# Old School Alchemist - Juice Reviews



## Tockit (2/2/17)

I'm creating this thread so users can add their reviews of the new kid on the block. Old School Alchemist - @Old School Alchemist. 

So after winning a 50% discount in the competition i ordered the 4 available flavours. Pineapple express, Chilled cherries, Spunky Peaches and Fudge brownie, in 0mg.

Had some time last night to have a taste test and well for me it didn't go too well. The juice seems very flat, One dimensional you could say. Its lacking Body and the flavour is very watered down. You get a hint of the flavour on the inhale and nothing on the exhale. 

With that being Said, for any forum Member in CT. I have these 4 juices you can come and collect from me free of charge if you want to try it and see if its any better for you.

Reactions: Like 1


----------



## Chukin'Vape (2/2/17)

Tockit said:


> I'm creating this thread so users can add their reviews of the new kid on the block. Old School Alchemist - @Old School Alchemist.
> 
> So after winning a 50% discount in the competition i ordered the 4 available flavours. Pineapple express, Chilled cherries, Spunky Peaches and Fudge brownie, in 0mg.
> 
> ...



Thanks for your comments on here - i'm reserving my review once I have spent some more time with all the juices. But in all honesty 0mg juice will never be as flavorful as the nicotine helps with the oxidization of the juice. But perhaps what this will tell Wesley is that he needs to tweak his recipe on the 0mg. It takes a great deal of effort to bring out a juice line, and we should support his journey.

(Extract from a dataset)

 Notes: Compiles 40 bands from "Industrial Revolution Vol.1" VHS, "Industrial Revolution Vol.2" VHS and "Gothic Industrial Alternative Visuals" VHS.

Reactions: Like 2 | Agree 2


----------



## MrDeedz (2/2/17)

@Tockit : Can you please advise us on what tank/mod was used and cranked at what wattage as well. thanks bud

Reactions: Like 1


----------



## shabbar (2/2/17)

out of the whole range i liked maybe 3 of them all

Reactions: Like 1


----------



## Tockit (2/2/17)

Chukin'Vape said:


> Thanks for your comments on here - i'm reserving my review once I have spent some more time with all the juices. But in all honesty 0mg juice will never be as flavorful as the nicotine helps with the oxidization of the juice. But perhaps what this will tell Wesley is that he needs to tweak his recipe on the 0mg. It takes a great deal of effort to bring out a juice line, and we should support his journey.


I hear what you are saying. I usually get my juices in 3mg nic but i have found that PG nic at 3mg is a bit on the harsh side. VG Nic seems to agree with me better so i ordered 0mg. Ill add some Nic and give it a try again and see. But i have also created some 0mg testers before and it didnt taste this watered down and flat. So ill add the nic and give it a few days steep.

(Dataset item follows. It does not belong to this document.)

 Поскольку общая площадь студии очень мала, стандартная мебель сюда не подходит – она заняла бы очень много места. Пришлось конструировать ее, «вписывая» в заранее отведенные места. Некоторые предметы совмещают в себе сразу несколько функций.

@MrDeedz, the setup was my hohmslice in wattage Mode. Recoil RDA 0.9ohm with 28g Nichrome at 8 wraps. Phenotype L with SS fused Clapton 2*28g wrapped with 32g, 6 wraps coming in at either 0.3 or 0.4 ohms, I forgets.

Reactions: Like 1 | Winner 1


----------



## Quintiss (2/2/17)

I have had a very pleasent experience with Old School Alchemist juices. The 2 x i have tasted was accurate and something i will buy again! Big up Wes and enjoy the journey. We have a great community with some super talented guys and girls and everyone i have came across have always given me sound advice.

Reactions: Like 1 | Winner 1


----------



## Silver (2/2/17)

Certain posts above have been deleted

Let me remind the supporting vendors that these review threads form part of the general forum.
As such vendors may not discuss their products or future releases in these threads.

Thanks

Reactions: Like 1


----------



## Authentic Alchemist (2/2/17)

Thank you silver i understand...will keep in mind next time...

Reactions: Like 1


----------



## Chukin'Vape (11/2/17)

Here it goes: (all juice at 3mg)

*Fudge Brownie*
This nostalgic vape really hits the Fudge Brownie profile - it has a chocolaty inhale, and the strong fudge develops on the exhale - I can really appreciate the effort that went into this recipe. I enjoy this juice as an occasional vape, I wouldn't be able to call this my ADV. But truly enjoy this with a bowl of Vanilla soft scoop. Remember chocolate always tends to gunk them wicks / coils up, this is totally normal though - I see this with all chocolate recipes, even in my own DIY concoctions.

*Chilled Cherries:*
Again, the juice description is bang on here - I get a authentic cherry taste, not too sweet - this is a simple but fun recipe, I can vape this one throughout a hot day with a beer-skie on the side no problem. If you like your fruit cooled but not nitrogen-ed, then this can be an option for you.

*Pineapple Express*
Loved the flavour, but found the juice a bit harsh on the throat. Would suggest looking at smoothing out the recipe, not sure if this is the nicotine used or the flavourant - my gut feel its the flavourant. Wouldnt recommend this one in a dripper in its current state.

*Spunky Peaches *
Loved the flavour, but found the juice a bit harsh on the throat. Would suggest looking at smoothing out the recipe, not sure if this is the nicotine used or the flavourant - my gut feel its the flavourant. Wouldnt recommend this one in a dripper in its current state.

Reactions: Like 1


----------



## Authentic Alchemist (11/2/17)

Chukin'Vape said:


> Here it goes: (all juice at 3mg)
> 
> *Fudge Brownie*
> This nostalgic vape really hits the Fudge Brownie profile - it has a chocolaty inhale, and the strong fudge develops on the exhale - I can really appreciate the effort that went into this recipe. I enjoy this juice as an occasional vape, I wouldn't be able to call this my ADV. But truly enjoy this with a bowl of Vanilla soft scoop. Remember chocolate always tends to gunk them wicks / coils up, this is totally normal though - I see this with all chocolate recipes, even in my own DIY concoctions.
> ...



Thank you @Chukin'Vape


----------